Which approach will limit the access of the third party software to only the Amazon S3 bucket named
“company-backup”?
A.
A custom bucket policy limited to the Amazon S3 API in thee Amazon Glacier archive “company-backup”
B.
A custom bucket policy limited to the Amazon S3 API in “company-backup”
C.
A custom IAM user policy limited to the Amazon S3 API for the Amazon Glacier archive “company-backup”
D.
A custom IAM user policy limited to the Amazon S3 API in “company-backup”
Correct answer is D as the IAM policy can be granted to S3 and proper lifecycle rules configured to archive the data to Glacier
Thanks you so much.
Hi,
Why Option B is not correct. By configuring policy at bucket level, it can be granted to user/role.
Thanks a lot for your useful blogs
just to mention that it’s possible now to query directly from S3 using Amazon Athena service.
Thanks Saadelden, let me check further and I will update the blog accordingly.
Hi Jayendra,
Great post and very detailed one. I just have a question, when we use lifecycle management in S3 and choose to archive it to Glacier, where exactly that data is stored. I mean which vault does it use and how and where can we see that information.

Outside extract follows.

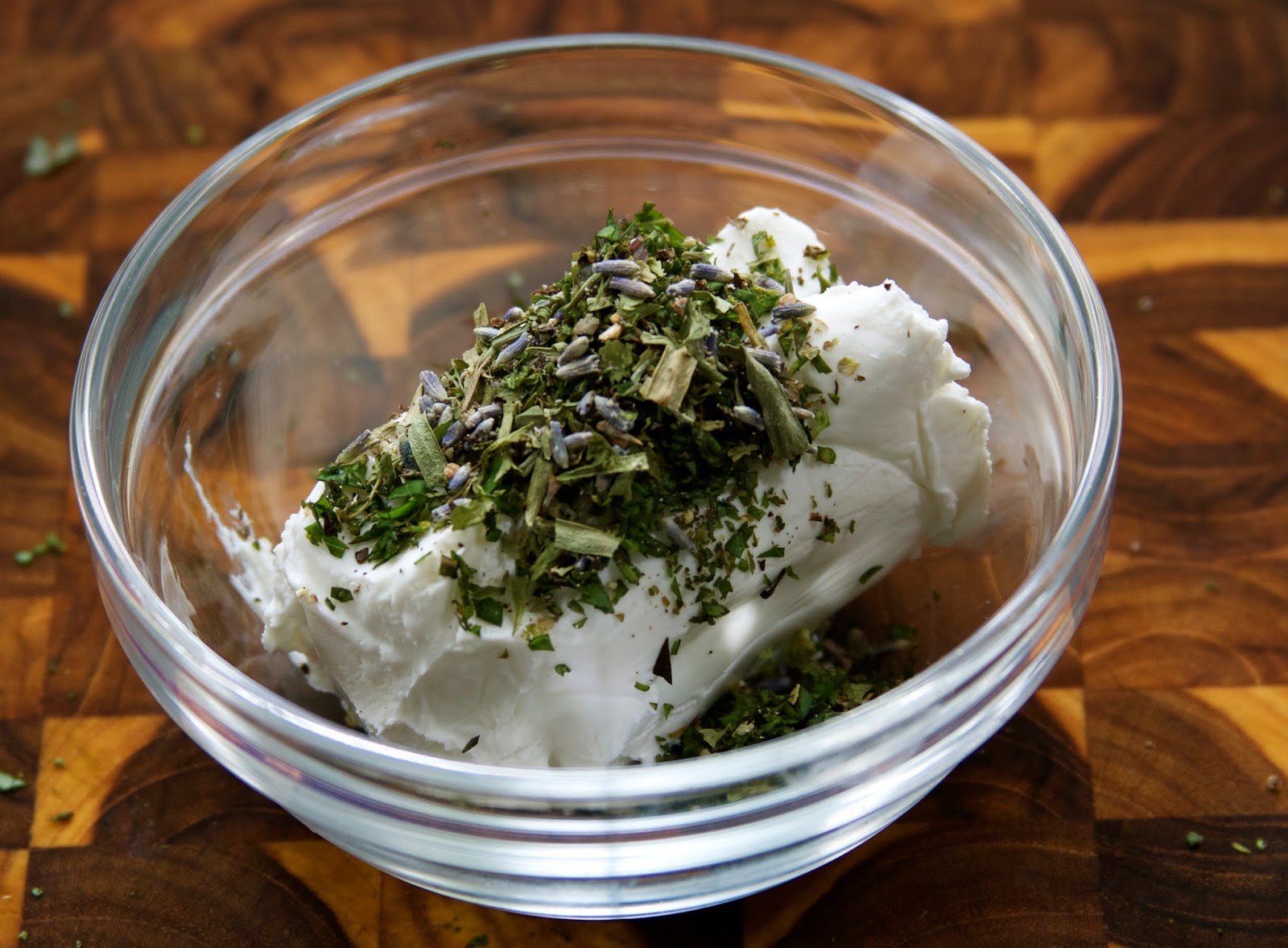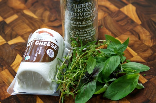 The original sandwich calls for a spread of truffle butter and freshly shaved parmesan. Since truffle butter is an ingredient that necessitates a trip to a specialty store, I tend to skip it altogether. I simply used a small package of goat cheese, mixed in fresh and dried herbs and spread it on the sandwich. It couldn’t be easier! Allowing the goat cheese to come to room temperature makes it soft and easy to stir in the herbs.

Hi Manohar, it is moved to Glacier storage while S3 still maintains the index entry.
You can refer to an old blog post for S3 -> Glacier
Sir,
Could you please validate the following sentence about S3 written in this same page
“allows you to write, read, and delete objects containing from 1 byte to 5 terabytes of data each.”
Here I would like to pull your attention ” 1 byte”.
There is confusion for 0 byte and 1 byte from the AWS documentation. However, AWS S3 does allow 0 byte file.
This is irrelevant from the exam perspective as this would never be tested for sure.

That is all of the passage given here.